Mémoire : l’organisation fonctionnelle de l’hippocampe dévoilée

Des chercheurs américains rapportent dans la revue Nature des données permettant pour la première fois de comprendre comment la disposition anatomique des neurones de l’hippocampe permet de rendre compte du fonctionnement de cette région du cerveau impliquée dans la mémoire à court terme.

Robert Hampson et ses collaborateurs de la Faculté de médecine de l’Université Wake Forest à Winston-Salem (Caroline du Nord) montrent que la répartition anatomo-fonctionnelle des neurones de l’hippocampe dorsal du rat est organisée de telle façon qu’elle permet de coder de manière cohérente à la fois l’information spatiale (lieu) et non-spatiale (événement).

Les chercheurs américains ont enregistré l’activité des neurones hippocampiques de 23 rats au cours d’une épreuve de reconnaissance. Ces rongeurs devaient d’abord exercer une pression sur un levier présenté soit à droite, soit à gauche (acquisition). Après un délai pouvant varier de 1 à 40 secondes, l’animal devait ensuite actionner un levier situé dans la position opposée à celle du premier levier (test).

Les rats ont joué à ce jeu 100 à 150 fois par jour et des microélectrodes permettaient sur chacun d’eux d’enregistrer l’activité de 10 à 16 neurones.

Huit paires de microélectrodes ont été placées tous les 200 microns le long de l’axe antéro-postérieur (septotemporal) de l’hippocampe dorsal sur une distance d’à peine 1,6 mm. Au total, 243 cellules nerveuses ont été enregistrées en continu pendant au moins 5 séances chez des rats bien entraînés.

Des groupes de neurones hiérarchisés et entremêlés

Les enregistrements révèlent que les neurones du rat se répartissent en segments distincts le long de l’hippocampe. Chacune de ces bandes longitudinales renferme un groupe de neurones qui deviennent actifs lorsque l’animal se trouve dans une position spatiale donnée, droite ou gauche. Au sein de ces segments, existent par ailleurs des neurones bien ordonnés qui interviennent, eux, dans le codage d’informations non spatiales de l’épreuve mnésique à effectuer.

Plus précisément, les chercheurs montrent l’existence de neurones (‘cellules de position’) dont l’activité est uniquement associée à la position du levier sur lequel le rat appuie, et ce qu’il s’agisse de la phase d’acquisition ou du test.

Il existe par ailleurs des neurones (‘cellules de phase’) qui ne s’activent que pendant la phase d’acquisition, ou au contraire uniquement lors du test, et ce quelque soit la position du levier actionné par le rat.

L’activité d’autres cellules, appelés ‘neurones de conjonction’, est associée à la mise en relation des deux événements précédents : position du levier à un moment donné (phase d’acquisition ou test). Elles déchargent par exemple lorsque le rat bouge le levier à droite lors de la phase d’acquisition.

Enfin, d’autres neurones (‘cellules type d’essai’) se déclenchent spécifiquement en réponse à l’une ou l’autre des bonnes réponses possibles, en cas par exemple de déplacement du levier droit à l’acquisition puis de celui de gauche lors du test.

Au total, les différentes catégories fonctionnelles de neurones hippocampiques s’organise donc en un réseau anatomique qui code deux types d’informations : spatiale et non spatiale.

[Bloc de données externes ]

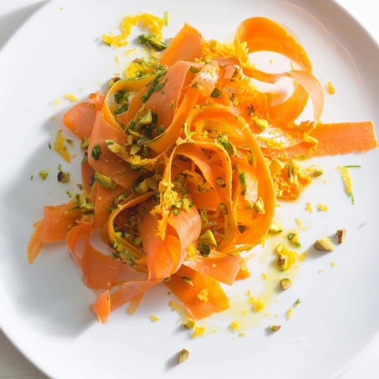 Save I first made this salad on a sweltering July afternoon when my kitchen felt like an oven and cooking anything was out of the question. A friend had dropped off a gorgeous bag of rainbow carrots from the farmers market, and I wanted something that would celebrate their sweetness without turning on the stove. The ribbons looked so elegant curling around each other in the bowl that I've served it at dinner parties ever since.

Une conclusion qui confirme celle obtenue en février dernier par l’équipe d’Howard Eichenbaum (Université de Boston) qui utilisait un test de reconnaissance d’odeurs reposant sur une méthodologie semblable.

" L’organisation anatomo-fonctionnelle des cellules de l’hippocampe démontrée dans cette étude correspond bien à celle qui permettrait de sous-tendre la mémoire déclarative humaine, celle qui regroupe la mémoire des faits et des événements personnels. Cette mémoire suppose en effet la mise en relation d’informations de nature différente (un visage, une odeur) et en particulier leur association à un lieu lorsqu’il s’agit de former le souvenir d’un événement personnel ", commente le Pr Robert Jaffard, spécialiste de la biologie des processus mnésiques à l’Université Bordeaux-1 (CNRS).

Au vu de la répartition anatomique des différents types de neurones hippocampiques (position, phase, conjonction, type d’essai), il est fort probable que les neurones de conjonction associent, via des modifications synaptiques, les informations élémentaires codées par les neurones de position et de phase. Quant aux neurones type d’essai, ils combinent les informations des neurones précédents en codant toutes les informations caractéristiques de l’essai (acquisition et test).

" L’ensemble de ces données montrent que l’hippocampe traite donc toutes les informations correspondant à un événement de façon hiérarchisée, du simple au complexe ", résume le Pr Robert Jaffard (Bordeaux).

Source : Nature, 9 décembre 1999, vol. 462, 610-4, 599-600.